I slept a little during the train ride north to Gijon. A taxi strike was in progress when we arrived at six A.M. I wasted another couple of hours before Angel, a scholarly looking guy of thirty, befriended me. I'd had the foresight to cash two hundred dollars into pesetas before I'd boarded the plane in New York, and we agreed on a fair price for driving me where I wanted to go. Now, in the car, I found I had to focus on what Angel was saying to follow him at all.

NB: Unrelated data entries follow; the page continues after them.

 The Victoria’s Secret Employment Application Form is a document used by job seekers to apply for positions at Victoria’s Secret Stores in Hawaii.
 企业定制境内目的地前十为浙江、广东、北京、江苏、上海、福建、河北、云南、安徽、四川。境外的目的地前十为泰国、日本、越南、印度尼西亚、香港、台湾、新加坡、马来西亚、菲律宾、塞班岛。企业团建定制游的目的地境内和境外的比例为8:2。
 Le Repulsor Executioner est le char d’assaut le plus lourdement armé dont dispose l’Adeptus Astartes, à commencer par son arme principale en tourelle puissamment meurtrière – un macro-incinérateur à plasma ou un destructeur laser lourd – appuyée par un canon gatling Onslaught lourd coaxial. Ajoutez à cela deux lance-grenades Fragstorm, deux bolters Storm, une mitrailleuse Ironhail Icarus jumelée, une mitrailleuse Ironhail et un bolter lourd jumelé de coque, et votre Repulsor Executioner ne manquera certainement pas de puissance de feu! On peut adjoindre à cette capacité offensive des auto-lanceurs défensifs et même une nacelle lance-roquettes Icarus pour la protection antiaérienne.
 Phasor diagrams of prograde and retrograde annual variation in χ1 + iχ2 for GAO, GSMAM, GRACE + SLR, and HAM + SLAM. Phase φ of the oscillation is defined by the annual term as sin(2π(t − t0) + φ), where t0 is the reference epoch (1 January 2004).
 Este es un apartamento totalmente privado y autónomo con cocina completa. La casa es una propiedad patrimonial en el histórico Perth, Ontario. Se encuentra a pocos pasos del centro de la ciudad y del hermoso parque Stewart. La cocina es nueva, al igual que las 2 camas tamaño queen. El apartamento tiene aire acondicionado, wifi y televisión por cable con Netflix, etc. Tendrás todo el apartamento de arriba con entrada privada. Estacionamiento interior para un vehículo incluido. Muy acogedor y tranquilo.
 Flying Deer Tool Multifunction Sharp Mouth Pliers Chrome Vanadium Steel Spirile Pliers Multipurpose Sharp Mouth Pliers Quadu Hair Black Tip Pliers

"You see, the Alcalde, how you say it, the major of the city?"

"Mayor."

"Si, si, the mayor. He want to make the taxis to forty more, but the drivers, they say no. They have the huelga, the strike, si?"

"Right."

"Like from the beisbol?"

"Same word, different meaning."

"Si, si." Angel swerved around a piece of lumber in the road.

"You will stay in Gijon when we get back?"

"I'm not sure."

"You should stay in our city. Gijon is a better city from Madrid. No much expensive, good food, less persons. No crimes, you don't lock the doors in the night. Most days, we have the rain, but for you, the sunshine."

We left Gijon behind and began winding through the countryside.

Full morning light lifted the dew from green hills, occasional glimpses of the ocean to our right. Except for the curvature of the earth, I could have seen the south of England.

We'd been paralleling the coast for a few miles when Angel pointed. "The corrida of Candas you ask me for."

A line of stone cabanas overlooked a jettied beach. Some small fishing boats were grounded on the sand, mooring lines swaying up to the cabanas. Part of the jetty curved around, creating an enclosure that might be dry at low tide.

I said, "Slow down a little, please."

Angel did. A ritzy outdoor café was opening on the town side of the bullring, white tables and chairs under red umbrellas.

"A man of great sculpture live here before they kill him. He was name Anton. There is a museo just for him. You have the time for it?"

"Maybe later." The cliff was rugged, dotted with gulls hovering and landing. The promontory rose about a hundred feet from jagged rocks poking through the surf. I didn't see what I was looking for.

"Can we drive around a bit?"

"Around the town?"

"Yes."

"Si. Candas is a nice town, you see."

We drove through narrow streets, cobblestoned walkways covered against the climate by the overhang of buildings. Little cottages of beige stucco under orange roofs, flower boxes and pots in the windows. A carefully restored theater commanded the main drag.

"Can we drive up, Angel?"

"Up? Si, up."

We ascended and rounded a curve, and there it was. I let him go past, keeping track of where it was as we continued on.

After a few blocks I said, "I'd like to walk for a while. Choose a bar to sit in, drinks on me."

"I can walk you, tell you some things."

"I'd rather try it on my own. Can I leave the duffel bag here in the car?"

Angel shrugged and parked under a sign that said Cerveza.

***

I approached the house, catching just the perspective in the photo on Ray Cuervo's bookshelf at the veal plant. Peeking through blinds, I couldn't see anyone. I tried the front door. Unlocked.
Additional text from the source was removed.